_Records to use:_
[Start of Attachment]
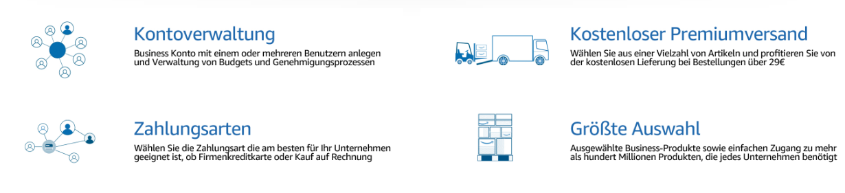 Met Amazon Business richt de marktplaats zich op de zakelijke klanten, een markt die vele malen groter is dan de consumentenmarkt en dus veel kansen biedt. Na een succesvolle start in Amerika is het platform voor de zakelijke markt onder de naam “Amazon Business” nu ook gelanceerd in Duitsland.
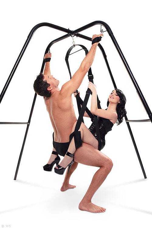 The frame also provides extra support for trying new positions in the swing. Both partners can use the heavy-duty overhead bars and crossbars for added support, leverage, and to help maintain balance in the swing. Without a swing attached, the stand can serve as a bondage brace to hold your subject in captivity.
[End of Attachment]
[Start of Attachment]
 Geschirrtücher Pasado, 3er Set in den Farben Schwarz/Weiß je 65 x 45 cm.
[End of Attachment]
_Work task:_ Beginning with the line that contains "Met Amazon Business", write out the lines of the material above exactly, and end with the line that contains "The frame also". Omit the pictures.

_Finished task:_
 Met Amazon Business richt de marktplaats zich op de zakelijke klanten, een markt die vele malen groter is dan de consumentenmarkt en dus veel kansen biedt. Na een succesvolle start in Amerika is het platform voor de zakelijke markt onder de naam “Amazon Business” nu ook gelanceerd in Duitsland.
 The frame also provides extra support for trying new positions in the swing. Both partners can use the heavy-duty overhead bars and crossbars for added support, leverage, and to help maintain balance in the swing. Without a swing attached, the stand can serve as a bondage brace to hold your subject in captivity.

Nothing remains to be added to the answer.